## Exercise requirements
Starting at the line where "復興が待たれる信楽高原鉄道の無人駅で記念撮影" occurs, reproduce each line through the end of the entries below exactly. Omit every picture.

Excerpts from a dataset:
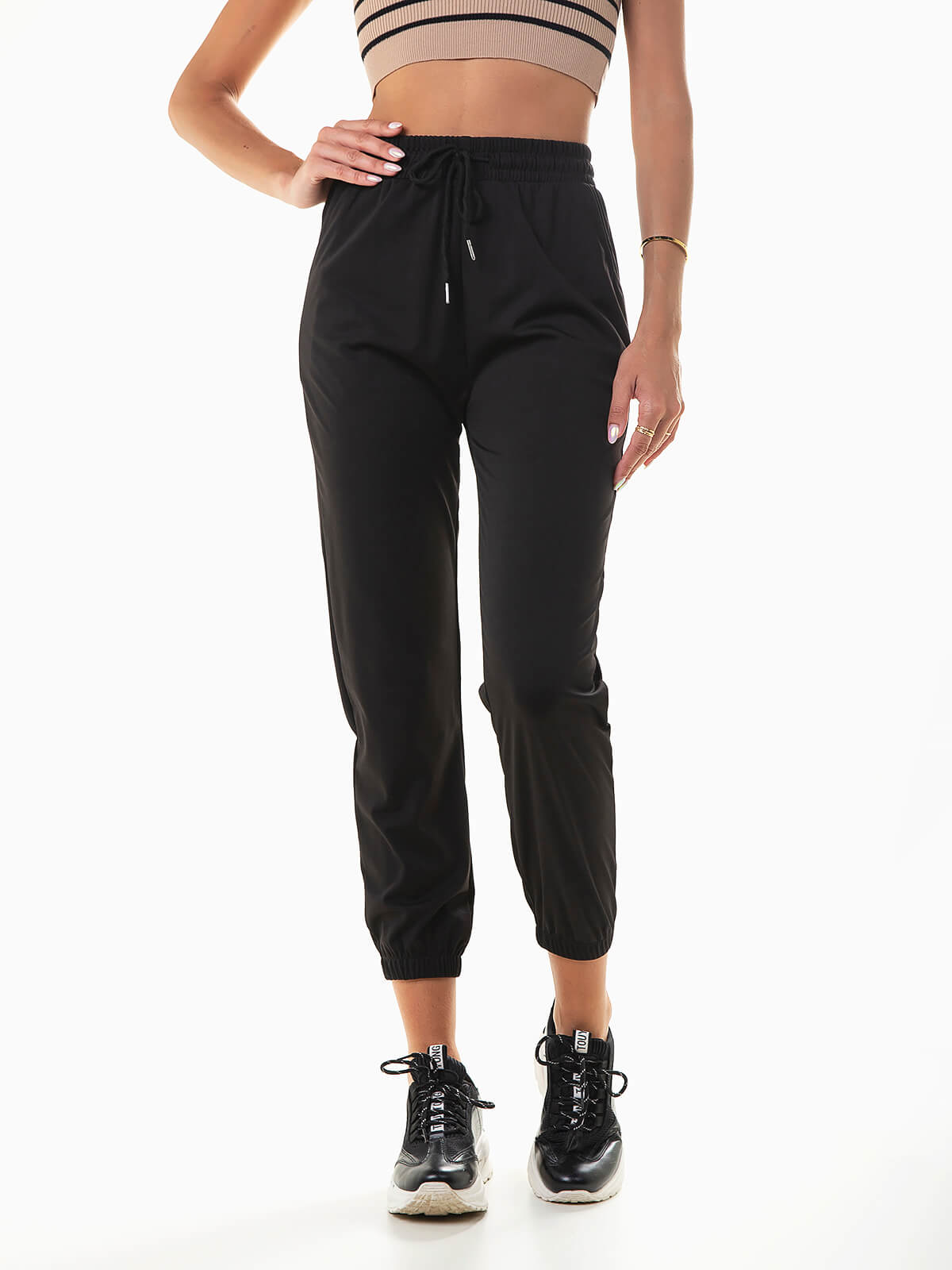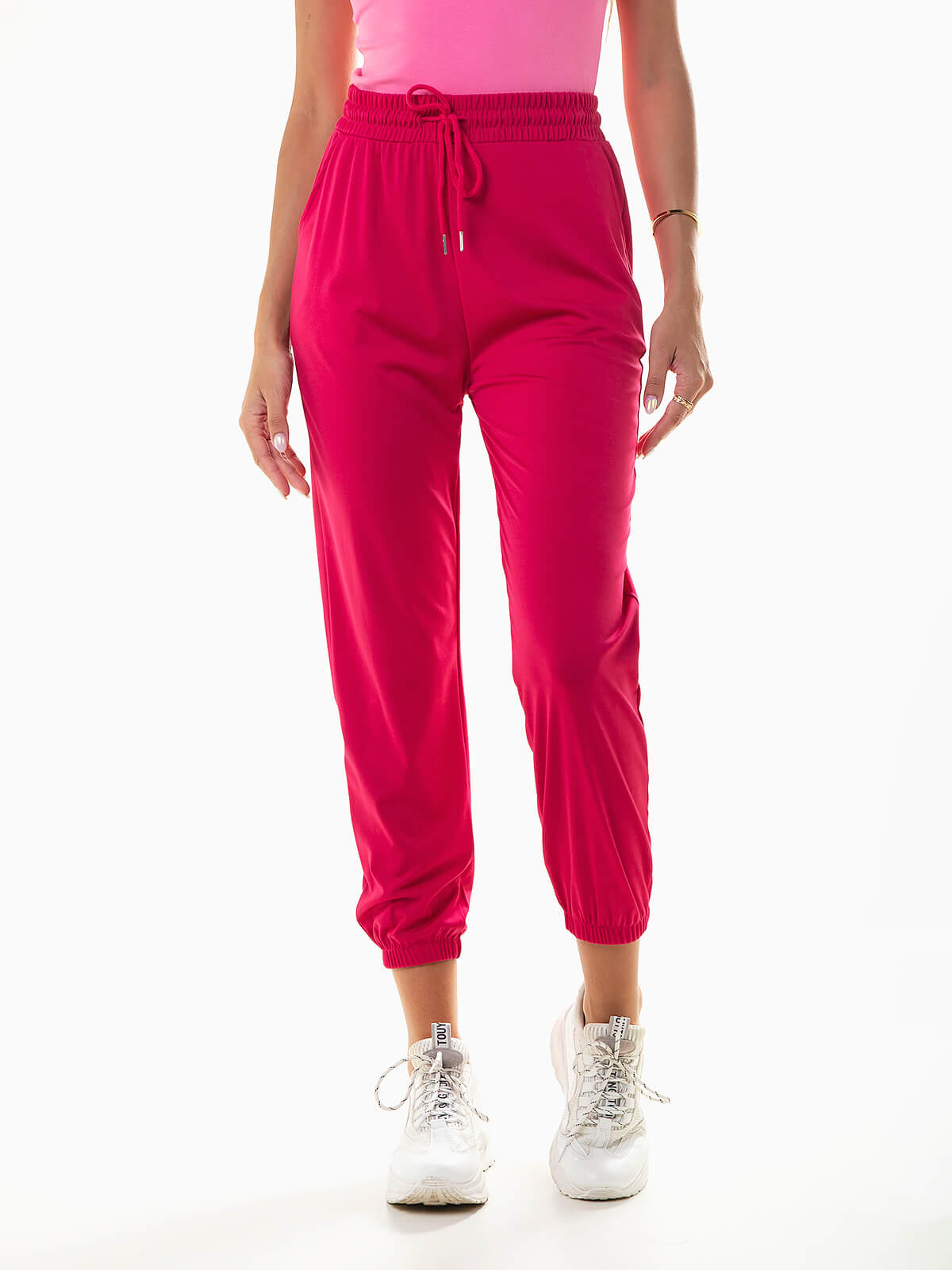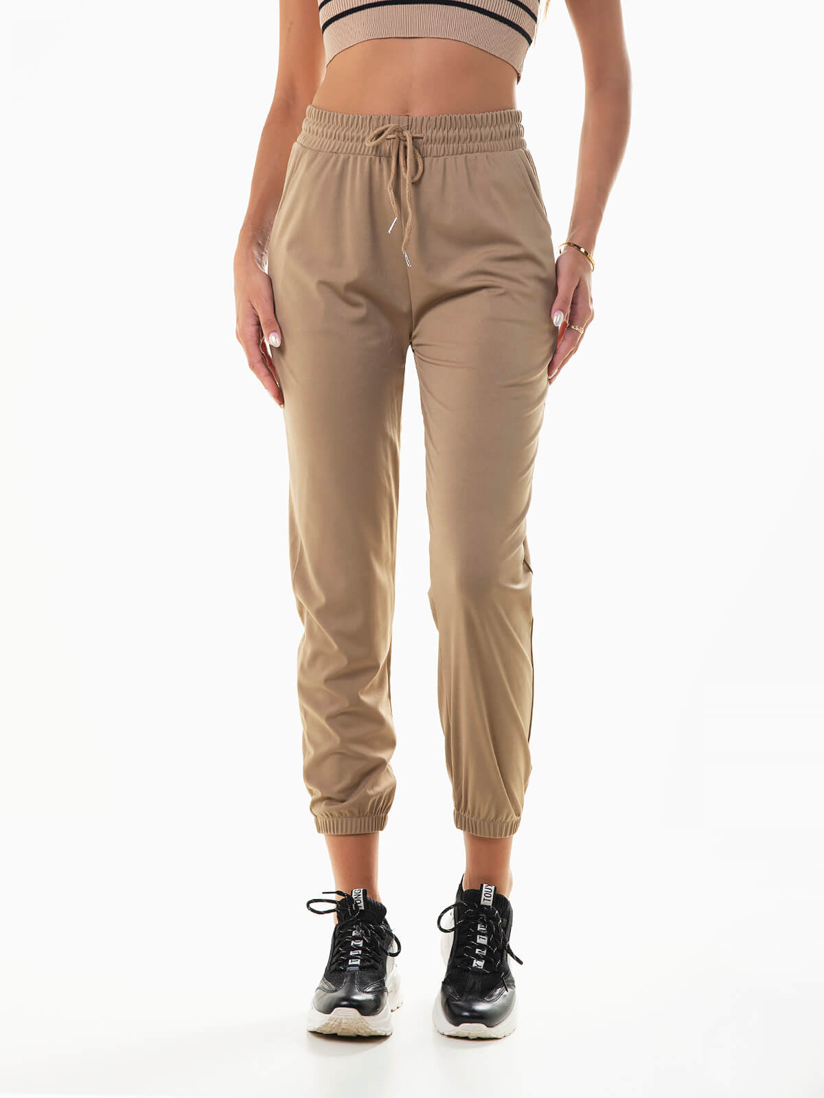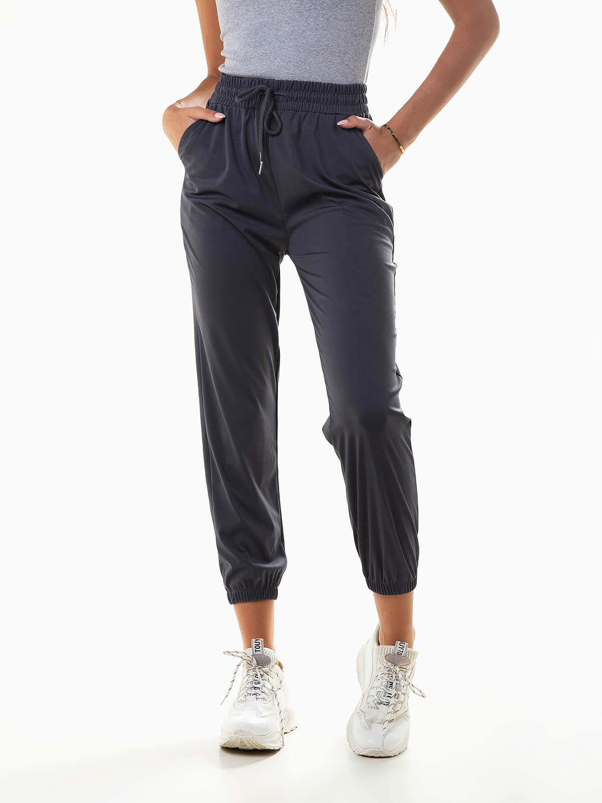 Calças jogger em tecido poliamida, respirável e confortável. Calças desportivas com cintura alta elástica e cordão para ajustar. 2 bolsos.
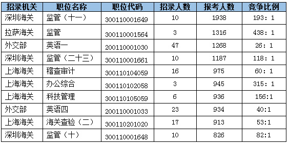 從表1可以發現,海關包攬了10大崗位中的8個,但是如此大的競爭比也讓不少考生望而生畏。
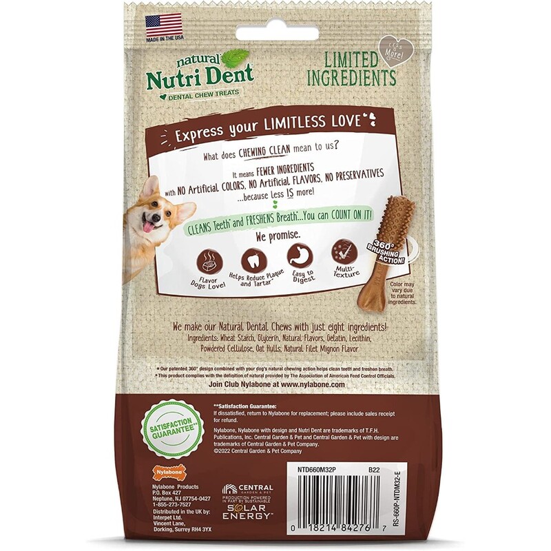 Nutri Dent dental dog treats feature a simple formula with limited ingredients
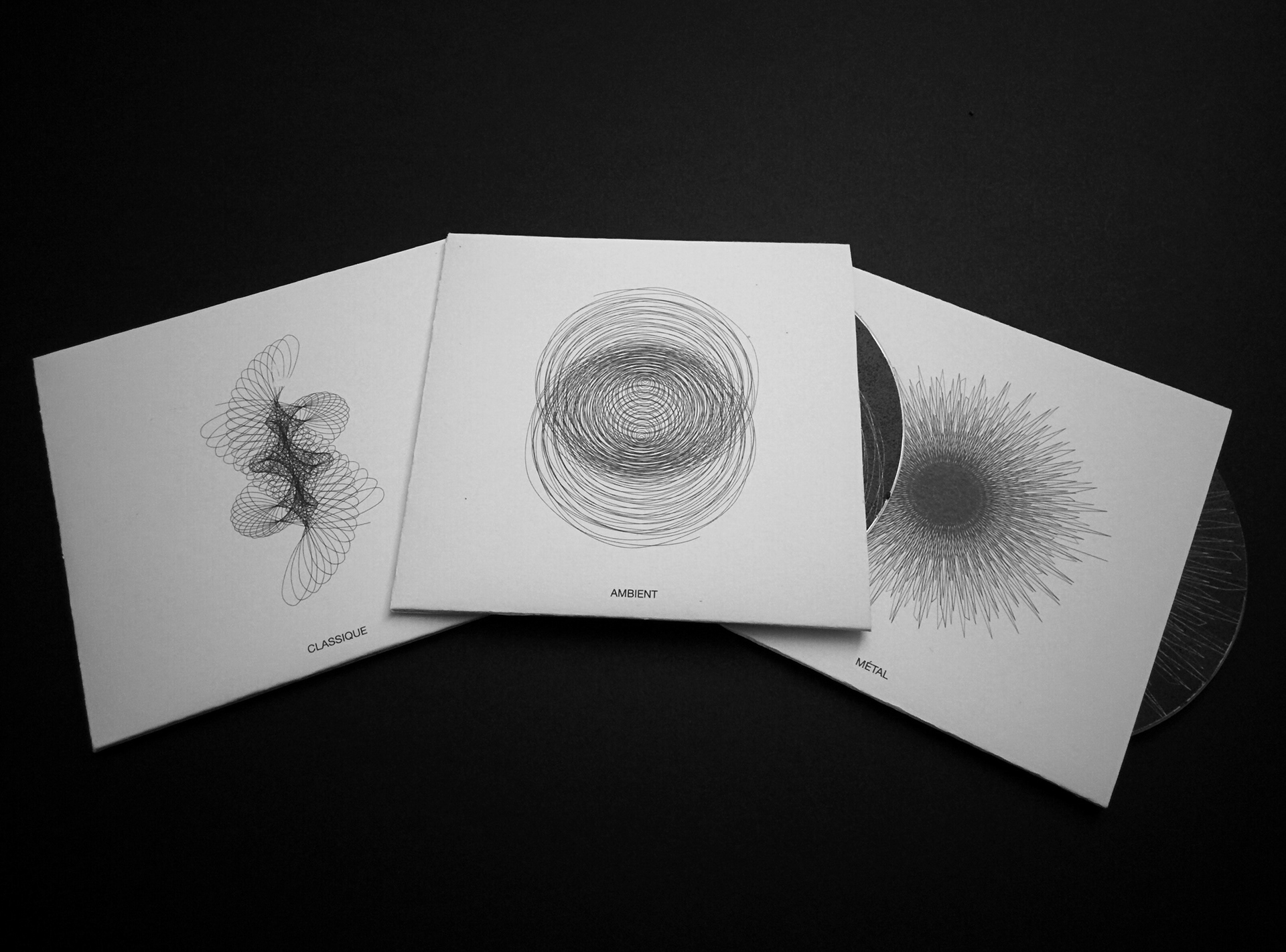 Conception de trois pochettes d'album en utilisant la notion de la ligne appliquée à trois genres musicaux : ambient, métal et classique.
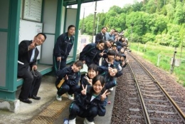 復興が待たれる信楽高原鉄道の無人駅で記念撮影
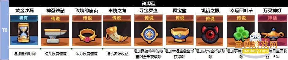 主要关注恢复速度、资源收益与金币获取这几类;
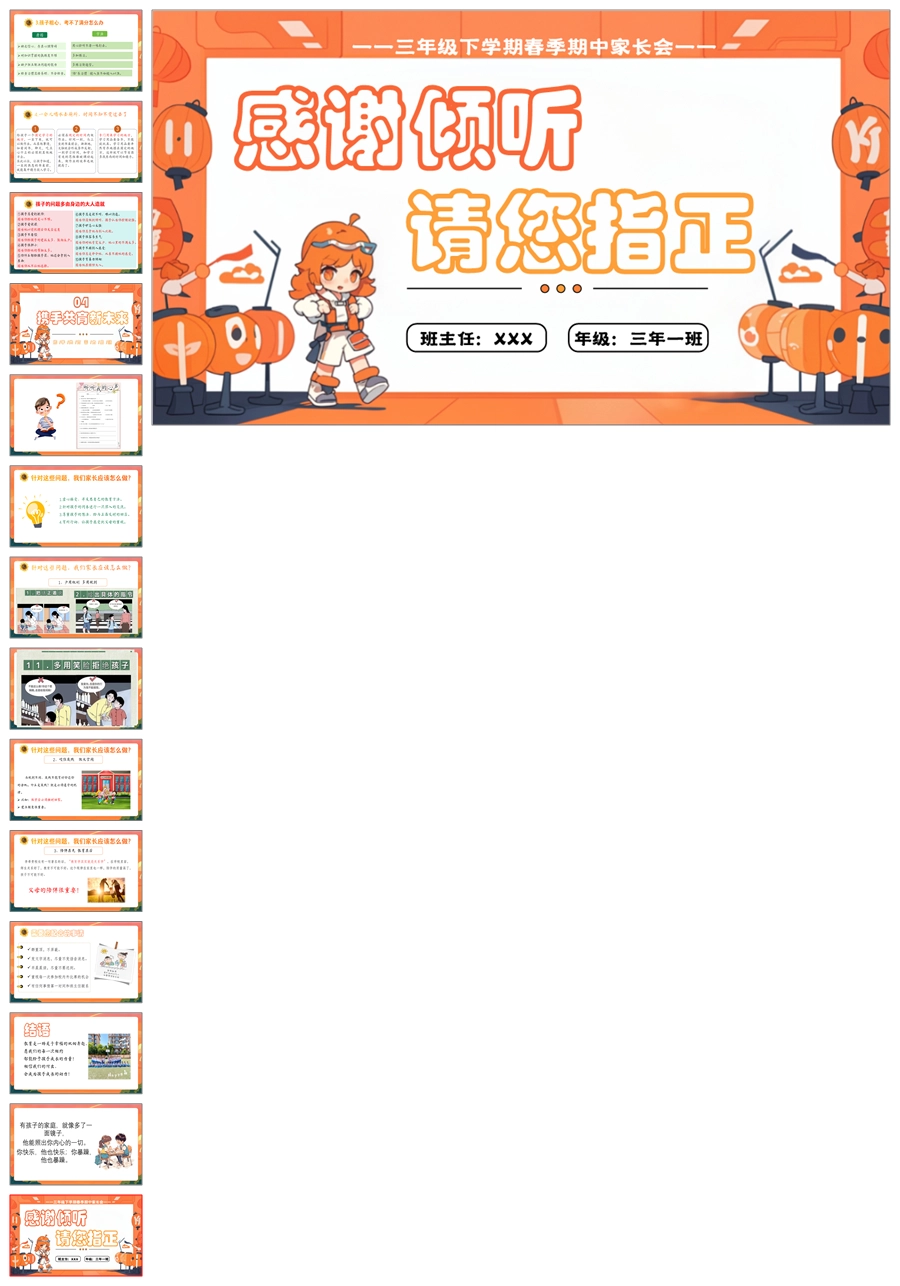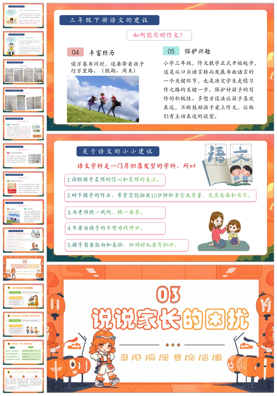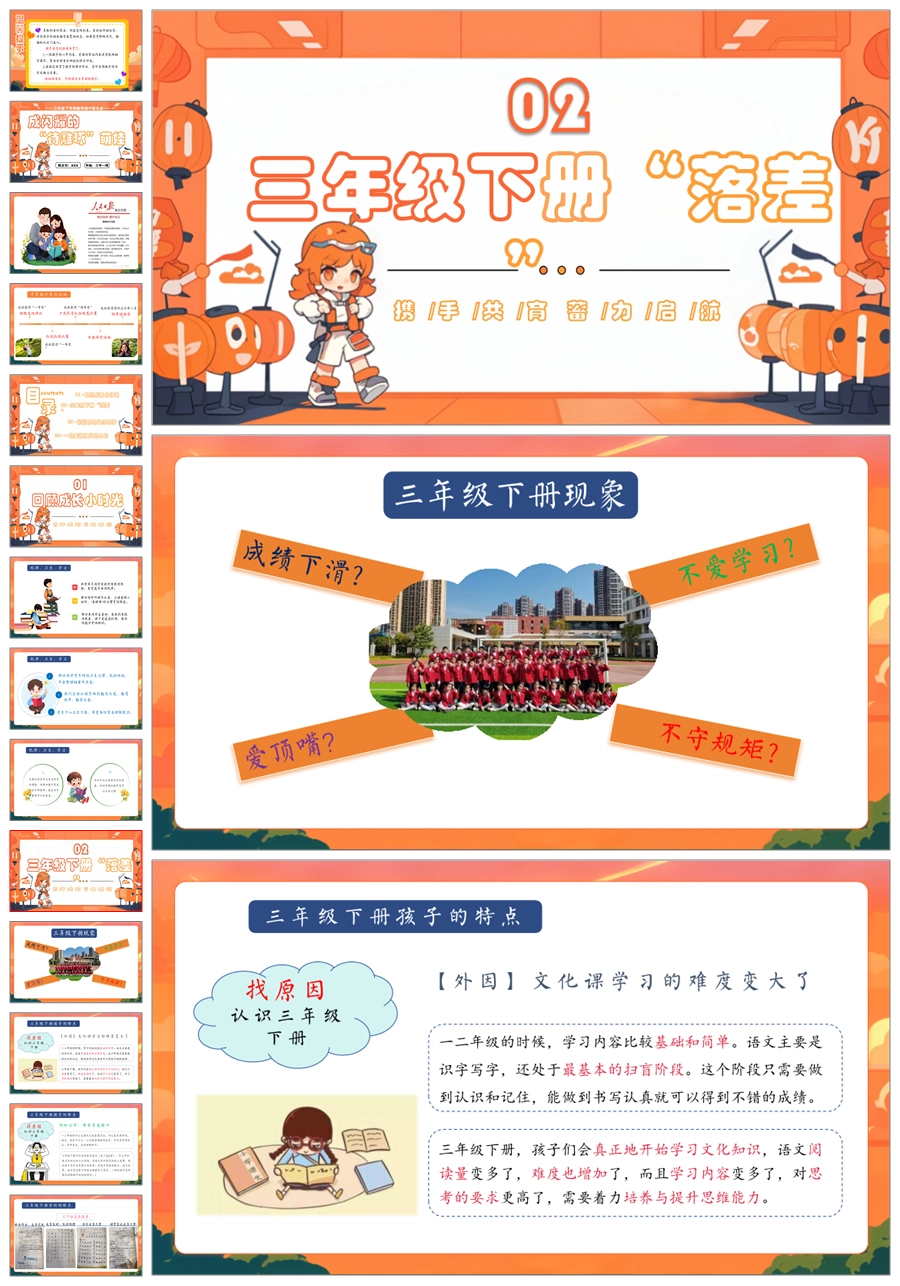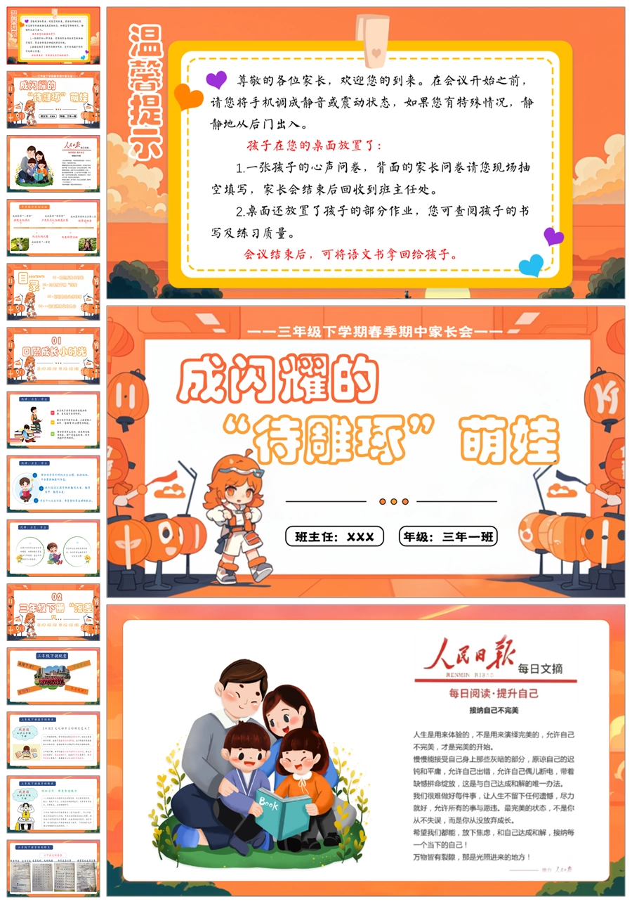【5593】《成闪耀的“待雕琢”萌娃》三年级下册期中家长会ppt课件+发言稿

## Solution to this task
 復興が待たれる信楽高原鉄道の無人駅で記念撮影
 主要关注恢复速度、资源收益与金币获取这几类;
【5593】《成闪耀的“待雕琢”萌娃》三年级下册期中家长会ppt课件+发言稿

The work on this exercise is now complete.